Proportional distribution model data structure

The simplest form of the mathematical model of Proportional distribution is the equation :
Y = E * X

The next simplest form is the following equation:
Y = (a + E) * X

The meaning of this formula is "The product of the cause X and the error is Y". In the world, if you use a scatter plot of Y and X with a high correlation, the larger the X, the greater the variation in the Y direction.
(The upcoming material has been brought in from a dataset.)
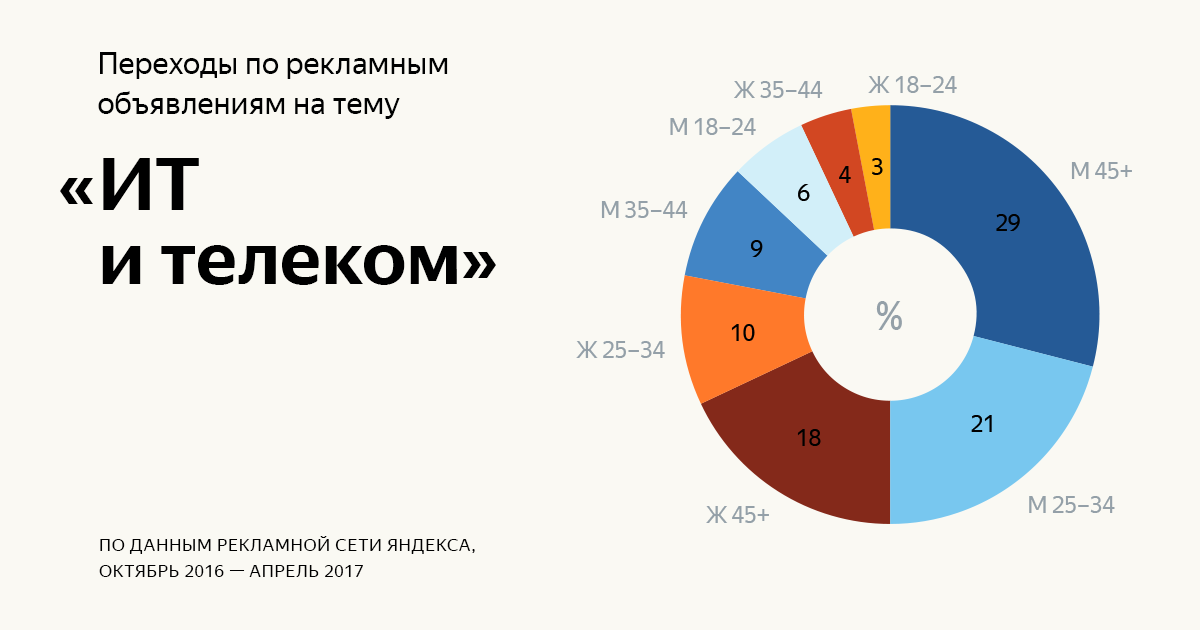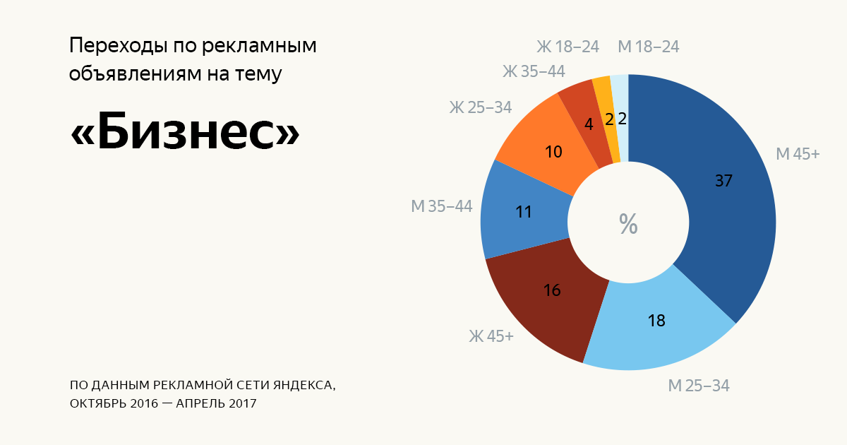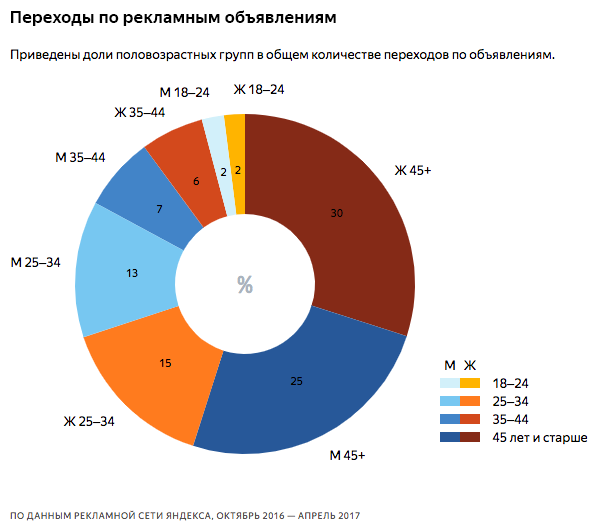 Пользователи старшего возраста чаще остальных кликают на объявления во всех тематических областях, от темы автомобилей до юридических услуг. «В большинстве областей наиболее активны женщины 45 лет и старше. Их доля хорошо заметна даже в тематиках, которые в среднем больше интересуют мужчин. Например, на женщин старшего возраста приходится 16% всех кликов на объявления в области «Бизнес», - отмечается в исследовании. Переходы по рекламным объявлениям в разных тематических областях подробнее можно посмотреть здесь.

Once you know this structure, it will be one of the Structure of data that becomes a directed graph.
proportional regression

The following story about using skewness and kurtosis to identify the structure of the proportional distribution model is the author's idea. There may be previous research in the world. If you know of such literature, I would appreciate it if you could tell me.

How to extract the structure of Y = E * X from the data (between two variables)

If E is normally or uniformly distributed, E is symmetrical. 1/E is asymmetrical. The more asymmetric it is, the greater the absolute skewness. Take advantage of this property.

Specifically, when there are two variables, S and T, S / T and T are calculated, and skewness is calculated for each. For example, if the skewness of T/S is -0.20 and the skewness of S/T is 0.94, you can estimate
T = (a + E) * S
proportional regression proportional regression proportional regression

The structure is represented by arrows as shown below.
proportional regression

How to extract the structure of Y = E * X from the data (between the three variables)

Suppose there are three variables with the relationship
T = (a1 + E1) * S
U = (a2 + E2) * T

Two steps are required to identify the structure between the three variables.

Stage 1: Determination of orientation between two variables (use of skewness)

Using the method for 2 variables, calculating the skewness will look like the graph below.
proportional regression

For S and T, S and U, and T and U, you can see the direction of the arrows in each, and if you express them as they are with arrows, they will be down. Judging by the skewness alone, this is what happens.
proportional regression

Here, too, between S and U, there is an arrow.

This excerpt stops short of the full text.